Urine was collected from patients at the Medical University of South Carolina or the Ralph H. Johnson VA Medical Center in accordance with a protocol approved by the appropriate institutional review boards. Random fresh urine was collected and processed immediately. We did not collect first morning voids because we attempted to collect the urine as soon as possible after recognition that the patient had AKI. In addition, many of the patients had bladder catheters. Cellular elements and debris were removed by centrifugation at 1000 × g for 10 minutes. Samples were frozen without protease inhibitors at −80° C until they were prepared for two dimensional gel electrophoresis (2-DE). After thawing, an equal volume of acetone at 4° C was added to 10 ml of urine sample and incubated at 4° C for 10 minutes. The samples were centrifuged at 9000 × g for 10 minutes and the precipitate was resuspended in 100 μl of a buffer containing 7 M urea, 2 M thiourea, 2% CHAPS and 1% Amidosulfobetaine-14 (ASB-14). Urine protein concentration was adjusted to 100 μg in 185 μl with a buffer containing 7 M urea, 2 M thiourea, 2% CHAPS, 1% ASB-14, 0.2% 3–10 ampholytes and 50 mM DTT. Two-dimensional electrophoresis was done as previously described over a pI range of 4–7 and on 8–16% gradient SDS-PAGE gels . Gels were stained with Sypro Ruby (Molecular Probes) and imaged on an FX Pro Plus fluorescent imager (Bio-Rad). Gel images were matched into a set using PDQuest software. Protein spots were aligned across the 38 gels using PDQuest software (Bio-Rad). Automated spot alignment by the software was followed by manual confirmation and correction of alignments by an experienced user.

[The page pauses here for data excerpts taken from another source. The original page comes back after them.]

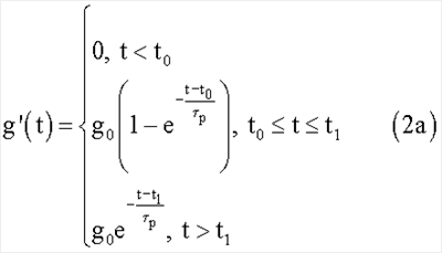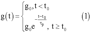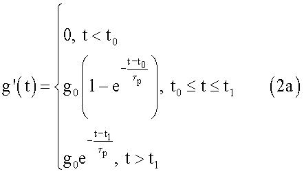 На фиг.2 показаны графики зависимости от времени проводимостей первого диода 2 и второго диода 6 (g(t) – сплошная кривая) и третьего диода 4 (g (t) – пунктирная кривая).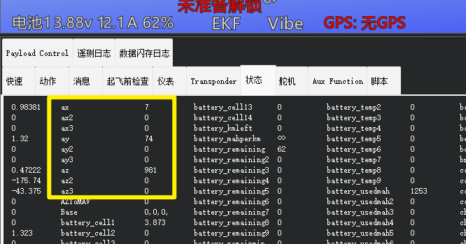 异常的如下图所示,只有ax、ay、az有数据。(正常ax2、ay2、az2也要有数据)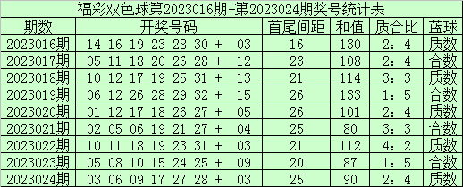 上期开奖:福彩双色球第2023024期开出奖号为:03 06 09 17 27 28 + 03yobo体育官方入口,其中红球奖号首尾间距为25,和值为90,质合比为2:4,蓝球开出质数号码。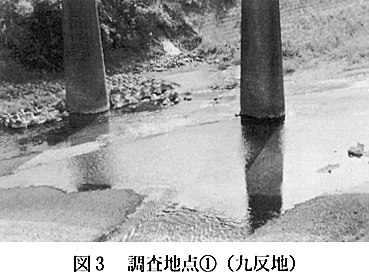 調査地点3(図5)は、水質は良質で流れがある。底質は、砂や礫である。右岸には岩があり、水深が1m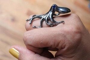 这个手上的小家伙一定是来自于海洋最深处,看上去是多么光滑又有别致。想要得到这个装饰戒指是要提前预定的,所以你可以提供自己的手指尺寸来量身定做一个。这个戒指的材质绝对是纯正的银,已经通过氧化处理,所以不用担心生锈的情况发生。章鱼眼睛的宝石是蓝色的,当然你可以选择自己喜欢的颜色来突出它的眼睛。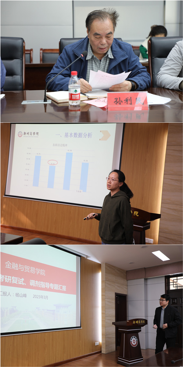 汇报环节,信工学院、建工学院和金贸学院作为beat365学院代表对2023届毕业生考研复试指导及调剂帮扶工作进行汇报。张晓冬院长、孙利民院长和杨山峰院长分别从考研学生基本数据分析、复试辅导具体工作安排等方面总结近期对考研复试学生的帮扶工作,通过一系列积极有效帮扶措施,确保考研复试学生顺利上岸。

We used an exploratory multivariate statistical cluster algorithm to look for general patterns of similarity. Protein abundance data was converted to a usable format by exporting the list of protein coordinates, matches and intensities from PDQuest as a text file. The text file was transformed to an XML form called annotated gel markup language (AGML) as previously described . This data structure enabled the assembly of a bioinformatics infrastructure, AGML central, which is a web-based open-source public infrastructure for dissemination of 2-DE data in XML format . The AGML formatted structure describing the urine protein spot abundance was processed by code written in MATLAB (MathWorks Inc) for data analysis and graphic visualization. The spots were ranked by intensity and expressed as quantiles. This is a non-parametric approach that replaces spot intensity by its quantile within the individual gel . Quantile rank rather than spot intensity was used for analysis. To determine if groupings of patients could be observed based on disease; we performed an exploratory analysis using multivariate statistical methods with code written making use of the MATLAB statistics toolbox. Bottom-up exploratory analyses was performed by unweighted pair group average (UPGA), using Euclidean distance between spot quantile vectors as a dissimilarity metric.
The protein spot intensities were ranked by intensity and expressed as quantiles. The 38 patients in the set were randomly sorted into one of three groups: training (18 patients), internal testing (10 patients) and external validation (10 patients). The random selection to each group was performed to keep a balanced proportion between the two outcomes, that is, independent selection from each of the two groups of patients. The identification of artificial neural network models was performed by Matlab code written along the guidelines previously proposed , which includes bootstrapped cross-validation as an early stop criteria, and screening for optimal topology. The predictive value of each spot was evaluated by sensitivity analysis by determining, for each ith spot in each jth gel/patient, Si,j=(dOj/dli,j).(li,j/Oj). The TRAINING dataset was used to parameterize the ANN which was pursued with its own internal testing by cross-validation, with each run including an early stopping and topology optimization. A cross-validation scheme with leave 1/9th out was used where the median performing ANN was selected from each run. A more detailed description of the topology optimization, cross-validated, with early stopping and training procedure is described in .
The TESTING dataset was used strictly for variable addition – for all possible n-s variables to be added to a pool of s variables already selected from a total of n, the trained ANN that best predicted this second dataset would designate which variable to be selected by the sth iteration of the variable addition procedure.
Finally, the EXTERNAL validation dataset was kept completely independent from both the training and variable selection procedures in order to have an unbiased assessment of the model predictability which was used to determine the point of the variable selection procedure at which we find the optimal set of variables. Comparison of the diagnostic results of the external set with those of the training and internal testing sets were only done after the training was completed.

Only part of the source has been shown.